They don’t have a name for this dessert at 1618 West Seafoood Grille, but I have one: Chocolate Orgasm. The description alone taps into primal pleasure centers: “Warm soft chocolate cake with pecans, caramel, raspberry sauce and whipped cream.”
Be honest — just the three simple words above, when combined, compelled you to read this post. Warm. Soft. Chocolate.
Now, I won’t take the time and space here to tell you about women and chocolate. If you don’t know already, you haven’t been paying attention. Suffice it to say that chocolate is to a romantic meal what Barry White is to music. So there was no question that our anniversary dinner Saturday night would end with something made of chocolate.

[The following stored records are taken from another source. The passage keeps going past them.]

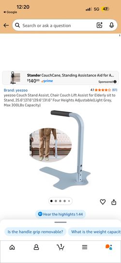 yeezoo Couch Stand Assist, Chair Couch Lift Assist for Elderly sit to Stand, 25.6"/27.6"/29.6"/31.6" Four Heights Adjustable(Light Grey, Max 300LBs Ca$60Bakersfield, CA
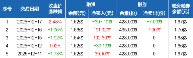 半导体ETF:融资净偿还307.19万元,融资余额1.62亿元(12-17)
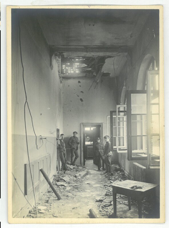 Le couloir de l’Hôpital avec des soldats anglais endommagé lors de la libération de 1918.
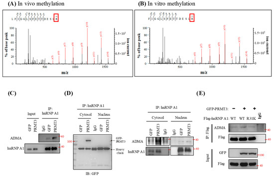 Active recombinant full-length human PRMT3 protein (Cat No. ab167953, Abcam) was purchased from Abcam. Human hnRNP A1 recombinant protein (Cat No. pro-1038) was purchased from PROSPEC. PRMT3 (1 μg) was incubated with hnRNP A1 (2 μg) in the presence of 40 μM S-adenosyl-L-methionine (Sigma) for 1 h at 30 °C in a final volume of 25 μL of phosphate-buffered saline. After incubation, sample was separated by SDS-PAGE, and the protein band corresponding to hnRNP A1 was excised for mass spectrometry.

I’d like to describe what it looked like in more detail, but the sensations that followed blotted out any clear memories of its mere appearance. I recall that it was small, round, and medium brown on the outside with the barest trace of a crust. I know that it was topped with whipped cream, and surrounded by caramel and raspberry sauce. But what happened next stopped any further examination.
I was distracted by late-arriving coffee, so Herb sank his fork into the cake first, producing a lava-like flow of — what else — warm, soft chocolate. Liquid chocolate, soft bits of cake, whipped cream and raspberry sauce combined for a taste sensation that left all the death-by-chocolates and mile-high chocolate cakes behind, like the sweet but distant memory of your first-grade boyfriend.
We offered via the waiter to adopt, or be adopted by, the chef. And got a table-side visit from the general manager, who explained that, like so many genius inventions, this one happened by accident. It started in New York restaurants that were making invidivual chocolate cakes. They unintentionally undercooked them, but the patrons liked it so much, they started doing it on purpose, and voila! The chocolate orgasm.
For me personally, this ranks right up there with the discovery of electricity and Penicillin.
I won’t elaborate any more on the events of our anniversary date, except to say that the meal — and especially the dessert — at 1618 West was, shall we say, inspirational.